The roofing membrane may be applied to the cant in the factory, before installation, as described, or the cant may be installed on the roof, and then the roofing membrane added. It is particularly advantageous to adhere membrane 17 to cant 2 in the factory.

In installation on the peak of a roof, or where two opposite slopes meet, two roofing cants may be placed back to back at the peak. Other cross-sections of roofing cant may be particularly appropriate for peak installation, or for particular roof configurations.

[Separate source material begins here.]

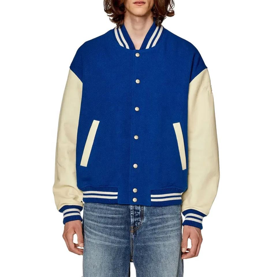 แจ็กเก็ตมีโลโก้ที่กำหนดเองสำหรับผู้ชายเสื้อแจ็คเก็ตหนังแขนเสื้อสีทึบที่แตกต่างกันออกแบบได้ตามต้องการ

While the invention has been described with respect to certain embodiments thereof, it will be appreciated that various changes and modifications may be made without departing from the spirt and scope of the invention.

Claims

1. A roofing cant comprising tube means having a substantially trapezoidal cross-section for channeling moisture or gases, perforation means for ingress of moisture or gases to the tube means, and venting means for egress of moisture or gases from the tube means.

2. A roofing cant of claim 1 wherein the perforation means is located in at least one of the sides of the cant.

3. A roofing cant of claim 2 wherein the perforation means is located in at least one of the non-parallel sides of the cant.

4. A roofing cant of claim 2 wherein the perforation means is located on the shorter of the two parallel sides of the cant.

5. A roofing cant of claim 2 wherein the perforation means is located in at least one of the non-parallel sides and in the shorter parallel side of the cant.

6. A roofing cant of claim 5 wherein the perforation means comprises at least one continuous slot, said slot having a first end portion in a first non-parallel side and a second end portion in a second non-parallel side and a bight portion in the shorter parallel side of the cant.

7. A roofing cant of claim 1 wherein the tube means is perforated at intervals by the venting means.

8. A roofing cant of claim 7 wherein the venting means is located in the longer parallel side of the cant.

9. A roofing cant of claim 8 wherein the venting means comprises one-way valve means for preventing re-entry of moisture or gases into the tube means.

10. A roofing cant of claim 1 wherein the tube means is made from plastic material.

11. A roofing cant of claim 10 wherein the plastic material is polystyrene or acrylonitrile-butadiene-styrene copolymer.

12. A roofing cant comprising tube means for channeling moisture or gases, perforation means for ingress of moisture or gases to the tube means, venting means for egress of moisture or gases from the tube means, and flexible, impervious sheet means attached to an outer surface of the tubing means, extending outwardly therefrom for securing the cant to a roofing surface.

13. A roofing cant of claim 12 wherein the flexible sheet means comprises bitumenized roofing membrane.

14. A roofing cant of claim 12 wherein the flexible sheet means extends outwardly forming sidelaps and a headlap.